В связи с описанным развитием владимиро-суздальского зодчества в XIII в., характеризующимся возникновением очень разнообразных и свободных архитектурных приемов, обогащается и разнообразится и строительная техника. Наряду с чисто белокаменным строительством строят и из кирпича-плинфы, сочетая кирпичную кладку с белокаменными деталями (Ростов, Ярославль). Шире используются местные материалы, как туф (суздальский собор). Следует отметить некоторую небрежность кладки, например частое несоблюдение перевязки швов белого камня (Георгиевский собор). Наивысшего совершенства достигает техника резьбы архитектурного декора, в котором горельефы, вводимые в кладку стен, сочетаются с тончайшим узором, наносимым по готовой кладке стены.

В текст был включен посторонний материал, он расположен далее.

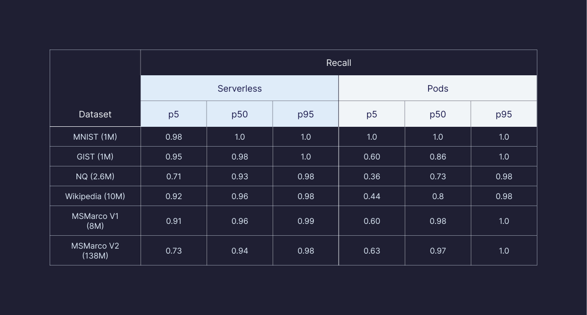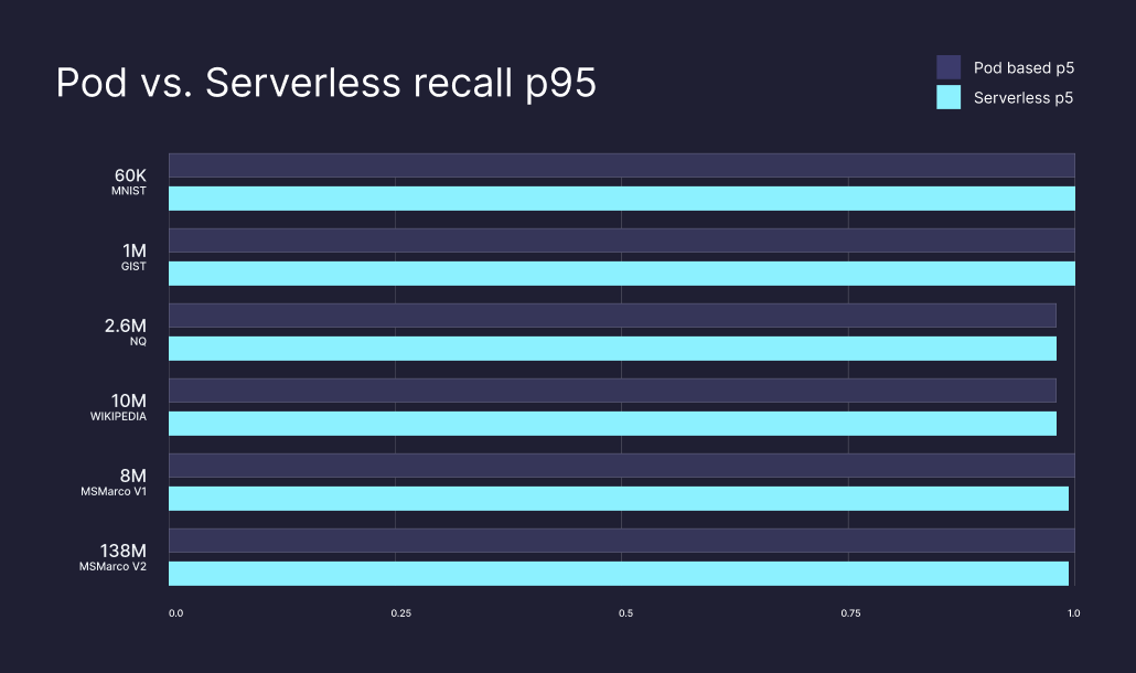 Our best gains came from improving many of our “worst case” recall performances. At p95 (the majority of calls), Serverless and pod-based return similar recall performance, but our worse-case performances (p50 and p5) are significantly improved.

Нарастание интереса к декоративному богатству здания свидетельствует об усилении проявившейся при Всеволоде III светской линии в зодчестве, о все большем влиянии народных вкусов. Вынос на фасады связных церковных композиций имел в сущности задачу политического свойства — утверждения авторитета княжеской власти, а общая система декора, его сказочный характер, совмещение христианских и языческих сюжетов, объединенных растительным ковром, явно отражали могучее влияние народного искусства. Декоративности архитектуры отвечало соответствующее декоративное богатство монументальной живописи и наполнявших храм произведений прикладного искусства.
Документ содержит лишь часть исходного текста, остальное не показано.